Con la privacy e la sicurezza dei dati al centro dell’attenzione, l’automazione basata sull’intelligenza artificiale è emersa come un attore chiave nella gestione dei processi di conformità e sicurezza informatica. Veeam, Rubrik, Cohesity e Commvault hanno introdotto soluzioni che enfatizzano la resilienza dei dati, il cloud di sicurezza, il rilevamento delle minacce basato sull'intelligenza artificiale e la protezione dei dati basata sull'intelligenza artificiale. L’attenzione si è spostata verso la garanzia di un rapido recupero dei dati e un monitoraggio proattivo per mitigare i rischi di violazione dei dati e minacce informatiche.
Trasformazioni degne di nota nella tecnologia dei database
I progressi nell’integrazione di AI e ML hanno trasformato la tecnologia dei database. La ricerca vettoriale AI di Oracle nel database 23c ha semplificato le interazioni, mentre MongoDB ha introdotto funzionalità di crittografia interrogabili. Collaborazioni come AWS e IBM che integrano Amazon Relational Database Service con IBM Db2 hanno mostrato la tendenza delle aziende a formare ecosistemi integrati per opzioni di storage scalabili e diversificate.
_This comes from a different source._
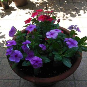 日々草植えました(*^^*) 落ち着いたパープル💜と落ち着いたレッド❣️なのですが、陽があたると違う色に撮れてしまうので、影で撮りました📸 余計に分かりづらいかな❔😅
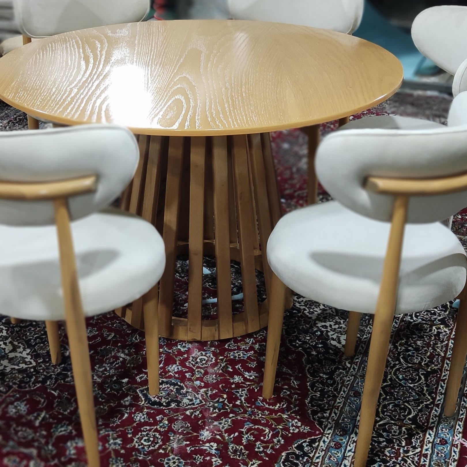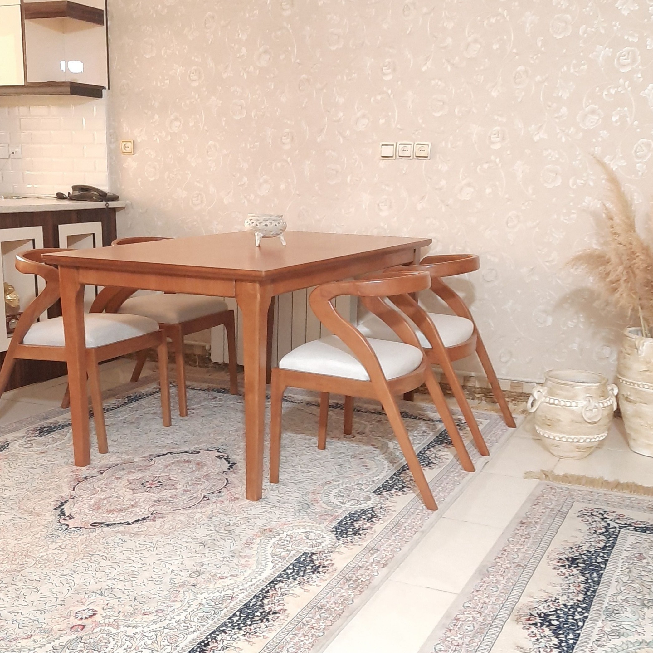 میز ناهارخوری مینیمال تمام چوب روسی نرات رنگ بندی چوب و پارچه اختیار ی قابل سفارش با تمام پارچه های موجود در بازار هزینه ارسال با مشتری می باشد

Le tecnologie di intelligenza artificiale generativa hanno svolto un ruolo cruciale nel migliorare le capacità di integrazione dei dati. Super iPaaS di Software AG, le funzionalità generative abilitate all'intelligenza artificiale di Cloudera e la piattaforma cloud di gestione intelligente dei dati di Informatica hanno esemplificato il passaggio del settore verso l'adozione di architetture data Lake house. Queste architetture combinano data lake e data warehouse, affrontando le sfide legate alla gestione di tipi di dati grandi e diversificati in diversi settori.
Navigare nel futuro basato sui dati nel 2024
In quest’era guidata dall’intelligenza artificiale , il tema che emerge è l’importanza fondamentale dei dati per le imprese. Il successo dell’intelligenza artificiale dipende dalla qualità dei dati che elabora. Con l’avanzare della tecnologia AI e il miglioramento della qualità dei dati, la relazione simbiotica tra personalizzazione basata sull’intelligenza artificiale e coinvolgimento del cliente diventa una pietra angolare della moderna strategia aziendale. L’enfasi sulla qualità dei dati è fondamentale per migliorare le prestazioni dell’IA, ponendo le basi per un 2024 in cui l’accuratezza e la pertinenza dei dati saranno al centro dell’attenzione, garantendo insight affidabili sull’IA. Mentre ci avviciniamo al 2024, come possono le aziende garantire l’accuratezza e la pertinenza dei propri dati per massimizzare il potenziale dell’intelligenza artificiale generativa nel fornire insight affidabili e migliorare il coinvolgimento dei clienti?